Across the cafe, Juanita Clarita clutched her stomach, gasped and struggled to catch her breath when the stranger named Yankton Rondeau and the dog Barco entered the café. She tried to take her eyes from them, but discovered that she could not. She squinted against the brightness of the pair.

Someone—or something—had just punched her in the stomach, but no one actually had come close to her. Strange. Loco.

“Crazy Monday,” she said to herself, breathing heavily now, startled and not quite in pain.

Juanita Clarita had coffee here almost every day before she went to work. Her green government jacket was embroidered. It said “Juanita” on the top line. Underneath, “Wildlife Biologist.”

Across the café table and with his back turned toward her, Hans Errmann, large and with a face as red as his Ski Patrol vest, laughed loudly with a friend, who was seated at the table next to theirs. Hans Errrman’s hair cascaded from his head in waves. His eyes were blue, showing justice.
He did not notice when Juanita doubled over slightly and gasped.

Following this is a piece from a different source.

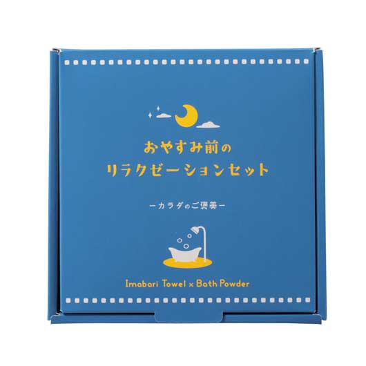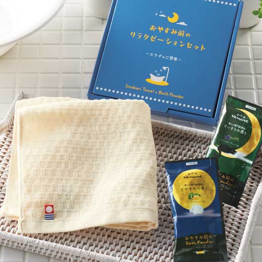 夢の世界へと誘うアロマの入浴料と柔らかな 今治タオルのセットで、お休み前の リラクゼーションタイムを満喫できるギフトです。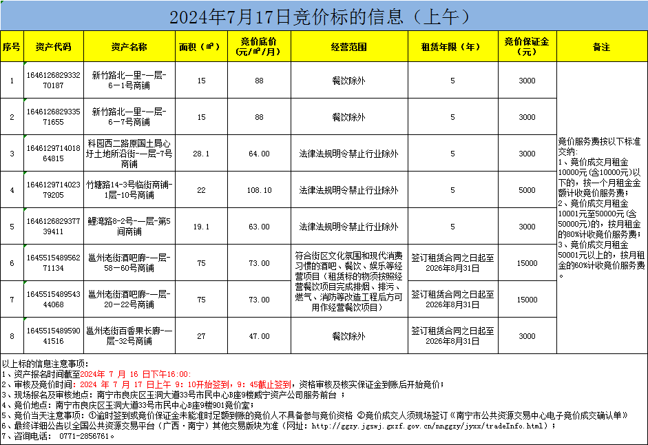 2024年7月17日競(jìng)價(jià)標(biāo)的信息(現(xiàn)場(chǎng)競(jìng)價(jià))

“Oof!” she exhaled. “Wow!”

Juanita Clarita was small, barely five feet and 100 pounds. Her family was partly Zapotec. Her family was from Oaxaca City, and although she herself never lived in Mexico, she visited often. She was just 11 weeks back from Guelaguetza, the great July festival. Guelaguetza is the Zapotec word for “offering.” She loved Guelaguetza almost as much as she loved the Oaxaca Day of the Dead.
Errmann said he was too busy living to try to understand the Day of the Dead, even though she tried to explain it to him many times. He said he did not have time to understand Guelaguetza, either.

Juanita’s hair was long, straight and black. Her eyes were dark brown. Almost black. She wore a white blouse in the Oaxacan tradition—cotton, pleated and with splashes of brilliant color at the open neck and in the cuffs.

When she cried, her tears were new snow in the morning sun.
All the men in the Ski Town said Juanita Clarita was the most beautiful woman they had ever seen. They also said she was the best skier in town, too—except for Errmann and the here-again-gone-again Deion Von Rondt.

Juanita could not take her eyes from the two strangers. She thought that the man was extraordinarily … something. Certainly she thought he was handsome. She struggled to regain her breath.

The stranger’s hair was sandy, thick and swept back. His jaw was set. He was slender. His shoulders were straight and his posture was perfect, making him appear taller than he really was. His eyebrows were blond. He wore a charcoal gray linen shirt. His backbone contained the wind and the air, the river and the sky.

“It is beautiful,” she gasped, looking at his shirt.

She could not recognize the cut but it was vaguely Central American. His trousers—wool—draped perfectly from his waist.

When he ordered his coffee he smiled at the woman behind the counter. Juanita saw that his teeth were white and straight.

Yankton Rondeau took his cup of coffee from the counter and surveyed the room. He swiveled his head left, then right, and then he looked straight at Juanita Clarita. She noticed that he moved his head, but not his eyes.

Their eyes met, held on, then let go. Juanita Clarita saw that his eyes were yellow. She blinked, unbelieving. The pupils in his eyes were large and jet black. Juanita Clarita thought that this could not be so.

Loco.

Yankton Rondeau blinked and once again Juanita gasped. A third eyelid swiped his eyes, like a wiper blade, on a diagonal. She opened her mouth and doubled over.

Again she felt as if someone had punched her in the stomach. Not hard this time. Even so, she lost her breath. The stranger turned his back and walked across the room. The dog, a smart-walking—diffident, she thought—Siberian Husky followed him.

Errmann’s friend noticed that something was wrong with Juanita. He stopped listening to Errmann.

“Hans,” he said, making a gesture toward Juanita.

Across the room, the stranger sat at a round, wooden table. The dog was in front of the table. He circled twice and lay on the floor, his snoot on his paws. The dog closed his eyes.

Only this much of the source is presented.